Smokescreen 1: “It is difficult to sell insurance products so sellers should get adequate compensation.” Initially, yes — on two counts. One, when Life Insurance Corporation (LIC) was the sole provider of insurance products in the country and most of its products offered guaranteed returns, it did not matter to investors if the agent was paid 1 per cent or 40 per cent commission. An investor’s return was assured and what LIC did to sell it was its business. Not so today, when the risk has been transferred to investors and cost influence returns. Two, competition should have ensured that as more products enter the fray, costs reduce. That hasn’t happened and IRDA has done nothing about it. Adequate compensation, as the Committee suggests, should come from transparent fees, not invisible commissions. Small savings carry a load but it makes not difference to an investor’s returns.
Smokescreen 2: “The livelihoods of 3 million (30 lakh) agents will be affected.” My question here is rather simple: what about the returns of 300 million (30 crore) investors? Most investors who consciously buy a 15- to 20-year financial product, do so because they are seeking oldage security or some other long-term financial goal like funding their children’ education. Leaving such a consumer in the lurch is a political folly, as Pranab Mukherjee knows very well. He also must know that harnessing this constituency’s savings, by creating a transparent and low-cost regulatory infrastructure is an important lever to get the economy back on the 9 per cent plus growth trajectory.
But on this point, I believe, the Swarup Committee has not gone far enough. By allowing high commissions on insurance products to go on till April 2011 (Recommendation 10 says that commissions should be cut from 40 per cent to 15 per cent rightaway, to 7 per cent in 2010 and to zero the next year), the Committee is furthering the cause of mis-selling (which both IRDA as well as the Committee acknowledge as a fact) for 18 months. This is unacceptable.
Smokescreen 3: “The regulator for financial advisers exists in IRDA so a self regulatory organisation (SRO) is not required.” Really? According to IOSCO (International Organisation for Securities Commissions, an organisation whose members, including India, regulate 90 per cent of the world’s securities markets), a “regulated entity” is one that faces a set of compliance examinations, a system of continuing education, a process of registration and regulatory filings, an ongoing system of monitoring, a system of compliance and well-defined enforcement procedures, and faces punitive action.
If anyone is suggesting that the current crop of advisers or sellers of financial products in India are regulated, he needs to re-read regulation. An SRO — with punitive powers — for sellers and advisers of financial products, as Recommendation 9 of the Swarup Committee suggests, is necessary.
Smokescreen 4: “This has not been done anywhere else in the world, so why do it here?” This is an incorrect statement. British super-regulator Financial Services Authority (FSA) has declared that all financial products will go no-load by 2012. Given that Sebi has already removed entry loads on mutual funds, I see no reason why other products — notably insurance but equally pension funds — should carry loads.
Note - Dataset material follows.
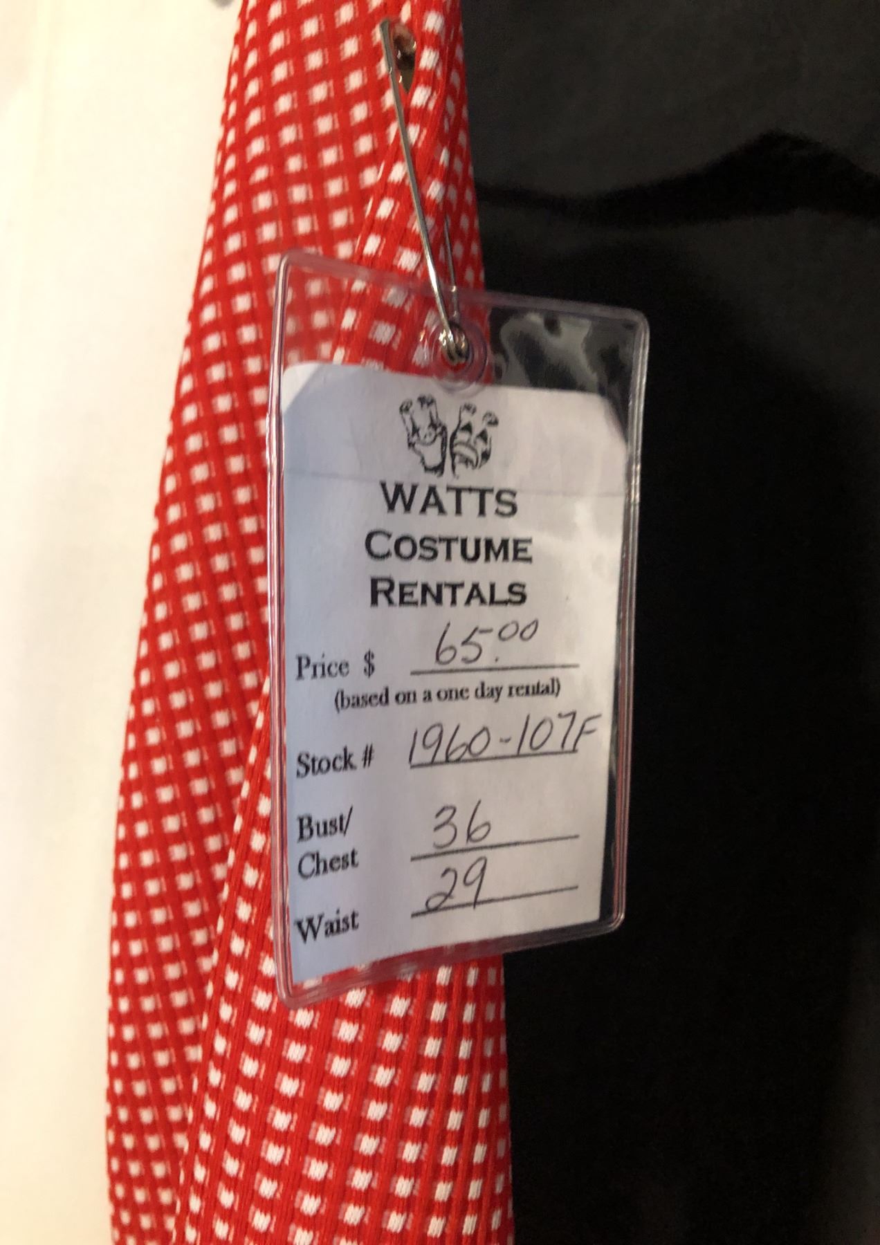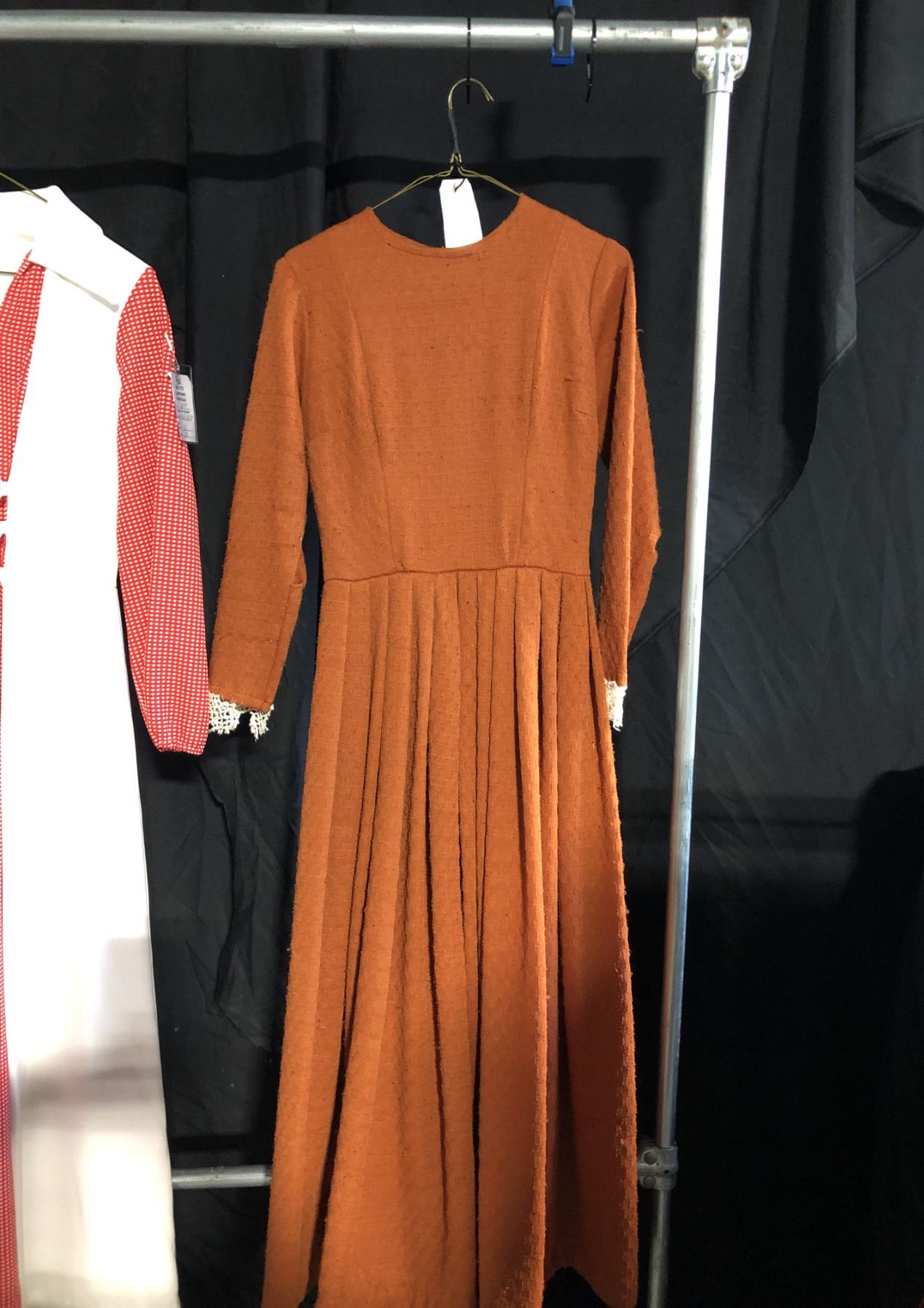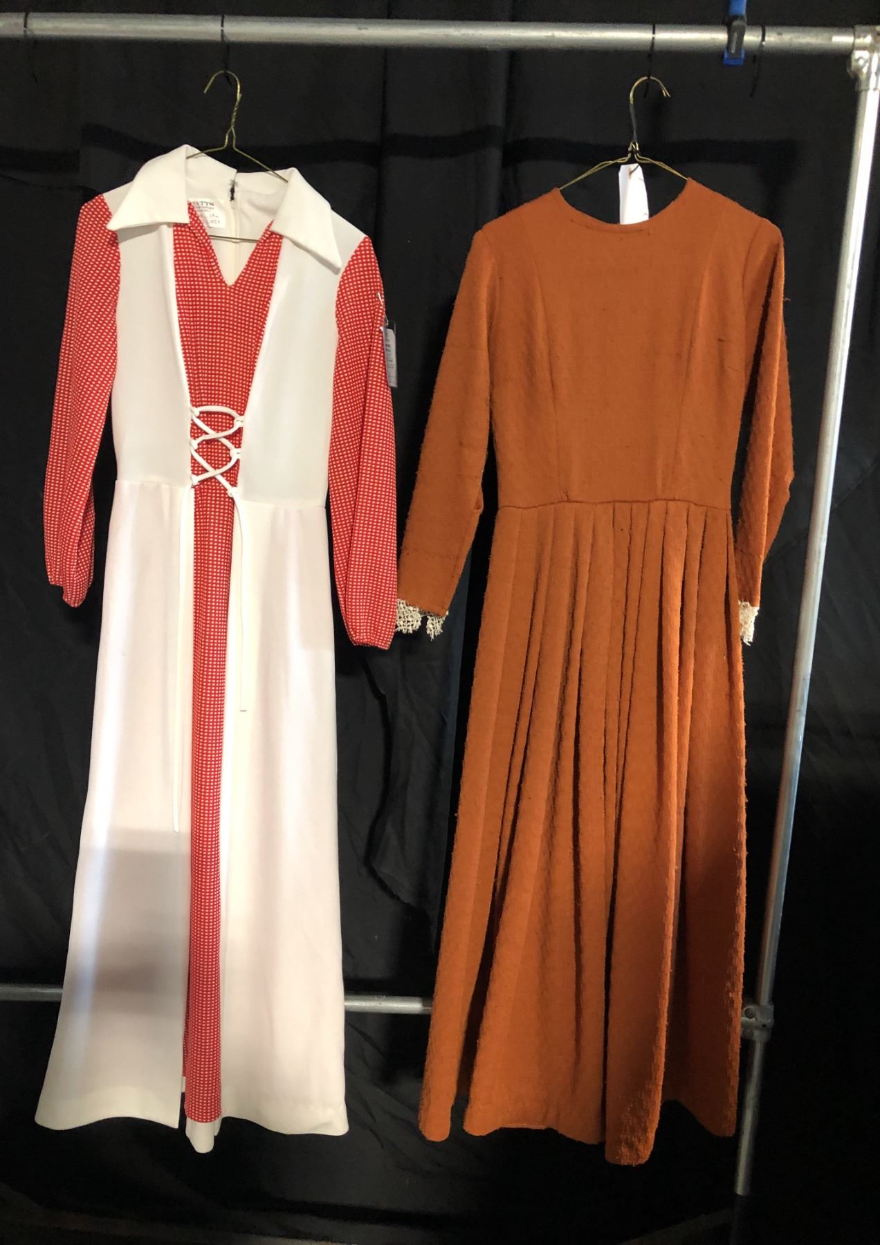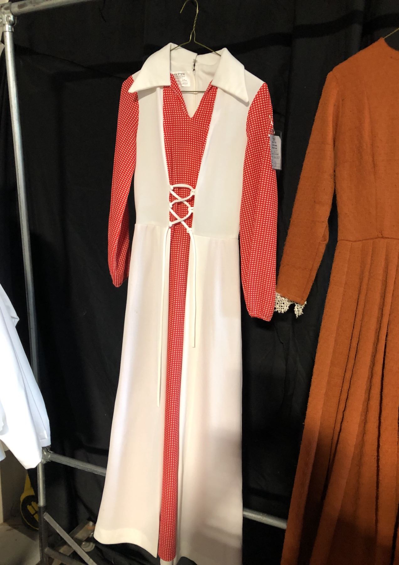RED/WHITE 1910'S COSTUME, AND BROWN VINTAGE DRESS, DAILY RENTAL $65.00

The Committee is wrong in presuming that pension funds are a no-load product — every transaction costs Rs 20 and with a minimum of four transactions a year, an investor pays Rs 80. Now you can call this number a charge, a load, a cost or whatever, but as long as the investor is bearing it, it needs to be removed.
If this Mahabharata results in a no-loads and transparent world, it will not only be consumers but entire industries that will benefit. Pick up your war conches and blow.